In the Court of Appeal all the members of the Court were agreed that the Judge was mistaken in thinking that the reason for giving damages for loss of expectation of life in the decision in Flint v. Lovell [1935] 1 K.B. 354, was mental pain and suffering from contemplation of the loss. The majority, however, Slesser and Greene L.JJ. held that no such damages could be recovered after the injured person had died. Greer L.J. was of opinion that the right to such damages vested in the injured person at the moment of injury and survived to the administrator. All the Judges were agreed that there could be no damages for loss of the leg other than for the loss for four days. They agreed that damages for pain and suffering and loss of leg should be reduced to £22. They were also all agreed that if damages for loss of expectation of life could be given the proper sum was £1,000. In the result the damages of £500 awarded by the trial Judge were reduced to £22. The appeal succeeded to that extent and the cross-appeal was dismissed.
The Appellant appeals therefore in respect of appeal and cross-appeal.

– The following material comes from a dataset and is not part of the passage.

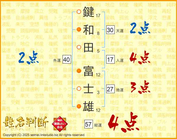 鍵(17画)和(8画)田(5画) 富(12画)士(3画)雄(12画)

My Lords, it appears to me important to distinguish between two principles of law which are involved in this case. The first is that claims for personal injuries caused by tort by the common law did not survive to the executor. Actio personalis moritur cum persona. The second is that the law did not recognise the death of a person as giving a claim for damages. This had no application to the death of a supposed Plaintiff: for the first maxim prevented his personal representatives from suing. But if a third party negligently killed either wife or servant of the Plaintiff he could not recover. The rule is crystallised in The Amerika [1917] A.C. 38. The reasons given whether historical or otherwise may seem unsatisfactory, but it is of little purpose in a legal decision to criticise them, for the rule has the authority of this House. But the question is, does the rule affect the calculation of damages the right to which is vested in a living person? Now in Flint v. Lovell the Plaintiff was alive at the trial: indeed we are told that he is still alive. The Court of Appeal held that if a person suffered personal injuries from negligence there could be included in the estimate of damages consideration of the fact that by the wrongful injury his normal expectation of life had been shortened.

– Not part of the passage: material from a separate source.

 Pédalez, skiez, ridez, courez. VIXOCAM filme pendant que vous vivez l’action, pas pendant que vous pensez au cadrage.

My Lords, this decision seems to me simple and inevitable: and I am satisfied that it has always been a usual element in assessment of damages in such cases. A man is injured in the prime of life: evidence is given that he is not likely to live more than two or three years: the tribunal estimating damages will take this fact into account not only in estimating actual money loss: for he may not be in a position to earn or be capable of earning anything, but as an item of personal damage. It does not seem to me necessary to say that a man has a personal right of the nature of property in his life: so that when it is diminished he loses something in the nature of valuable property. I do not say that this is not so: but I am satisfied that the injured person is damnified by having cut short the period during which he had a normal expectation of enjoying life: and that the loss, damnum, is capable of being estimated in terms of money: and that the calculation should be made. There seems to me to be a substantial distinction between damages awarded to the living because life is shortened: and damages to a third person because of some other person's death. I see no reason for extending the illogical doctrine of the Amerika to any case where it does not clearly apply. As to the supposed foundation of the doctrine in the law relating to felony I will only say that if the rule is really based on the relevant death being due to felony, it should long ago have been relegated to a museum: for deaths by negligence are often not felonious: and where they happen more than a year and a day after the wrongful act cannot be.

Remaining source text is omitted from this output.